[ad_1]
Koza Altın İşletmeleri, Doğu Karadeniz Bölgesi’nde maden ocağı açma teşebbüslerini sürdürüyor. Trabzon’un Düzköy ilçesindeki Honefter Yaylası’nda planlanan kompleks maden ocağının akabinde şirket, Araklı ilçesinin Kükürtlü ve Kayacık mahalleleri sonları içinde Bakır Madeni Açık Ocak İşletmesi Projesi planladı. İki maden ocağı için de ÇED süreci başlatıldı.
Proje tanıtım belgesinde yer alan bilgilere nazaran; 20 bin dönümlük ruhsat alanı içerisinde belirlenen 1300 dönümde 112.978 ton hafriyat çalışması ile patlatmalı açık ocak işletmesi halinde bakır madeninin işletilmesi planlanıyor. Kelam konusu proje alanının içinde kaldığı “Trabzon Araklı Yeşilyurt Yılantaş Yaylası Turizm Bölgesi”nin de, 30.01.2021 tarihinde Resmi Gazete’de yayınlanan Cumhurbaşkanı Kararı’yla iptal edildiği ortaya çıktı.

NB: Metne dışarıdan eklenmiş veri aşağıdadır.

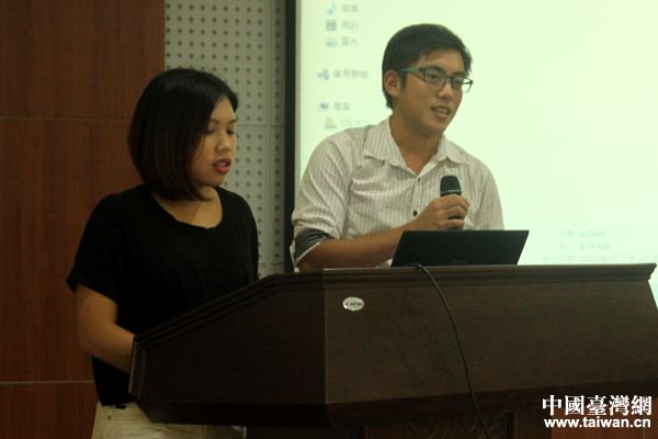 臺灣學(xué)生黃昀等(京東實習(xí))分享實習(xí)心得。(中國臺灣網(wǎng) 陳文韜 攝)

“BU DURUM GELECEĞİMİZİN YIKIMI DEMEKTİR”
Maden ocaklarının ekolojiye verdiği ziyanlar üzerine çalışma yürüten, Metalurji Yüksek Mühendisi Cemalettin Küçük, SÖZCÜ mikrofonlarına yaptığı açıklamada, “Türkiye sömürge madenciliğine açıldı. Uzun yıllardır madenciliğin önünde pürüz olabilecek yasalar değiştirildi. Bu bölge Yılanlı Yaylası’na kadar müdafaa alanı içersindeydi. Burası muhafaza alanından çıkarıldı ve bugün burası maden alanı oldu. 20 bin dönümlük arazinin tamamı, ormanlık, yeşillik alanın tamamı maden alanı olarak ruhsatlandırılmış ve ileride işletmeye açılacak. Bu durum ‘su havzalarının yıkımı, geleceğimizin yıkımı’ demektir” tabirlerini kullandı.
“KARADENİZ’İN DOĞUSUNU, BATISINI ETKİLER”
Maden ocaklarının açılmasıyla kimyasalların canlılar üzerinde olumsuz tesirleri olacağını belirten Küçük, “Gümüşhane’de beşerler nasıl zehirlendiyse, Fatsa’da beşerler nasıl zehirlendiyse, Araklı’yı da tıpkı meseleler bekliyor. Taş ocakları da felaket fakat maden ocağı, taş ocağına benzemez. Şimdilik kimyasal kullanmayacaklarını söylüyorlar lakin kayanın kendisi kimyasaldır. Burası bakır, çinko, kurşun barındırıyor. Yalnızca alacakları minerallerden bahsediyorlar. Burası açıldığı vakit yağmur sularıyla ya da tabiatın nemiyle, havasıyla karşılaştığı vakit kimyasallarla karşılaşmış oluyor. Bu kimyasalların yaratacağı sonuçlar sonucunda buradan çıkan kirlilik bütün Karadeniz’in batısını ve doğusunu etkileyecektir. Tabiata dokunulmaması gerekir. Maden işletmesi yapılan hiçbir ülke kalkınmamıştır, yalnızca bu süreci yapan şirketler kalkınmıştır” diye konuştu.
“ÖLSEK DE KABUL ETMİYORUZ”
Yaşam alanlarına müdahale edilmesini istemediklerini söyleyen yöre halkından Gülsüm Söylemez, “Burada hiç kimse maden ocağı yapılmasını istemez. Biz burada yaşıyoruz, bizim hayvanlarımız var, tarlalarımız var. Geçimimizi bunlardan sağlıyoruz. Maden ocağı açılınca bunları nasıl yapacağız?” derken Ayşe Kaya ise, “Burası çiftçilik yapılan bir bölge burada maden ocağını istemiyoruz. Biz bunu kabul etmiyoruz, ölsek de kabul etmiyoruz” dedi.
“SOBAYI TUTTUKTAN SONRA SOBANIN YAKTIĞINI ANLIYORUZ”
Maden ocağı açılmasına müsaade vermeyeceklerini belirten Ali Osman Gümüştaş da “Daha evvel HES’ler, dere tahkimatları tabiata tahribat vermişti. Benim çocukluğum bu derede geçti. Bundan sonra gidebileceğim bir yer yok. Bizlerin de hayvanların da hayat alanlarına müdahale ediliyor. Biz millet olarak sobanın bizi yaktığına inanmıyoruz, sobayı tuttuktan sonra sobanın yaktığını anlıyoruz” formunda konuştu.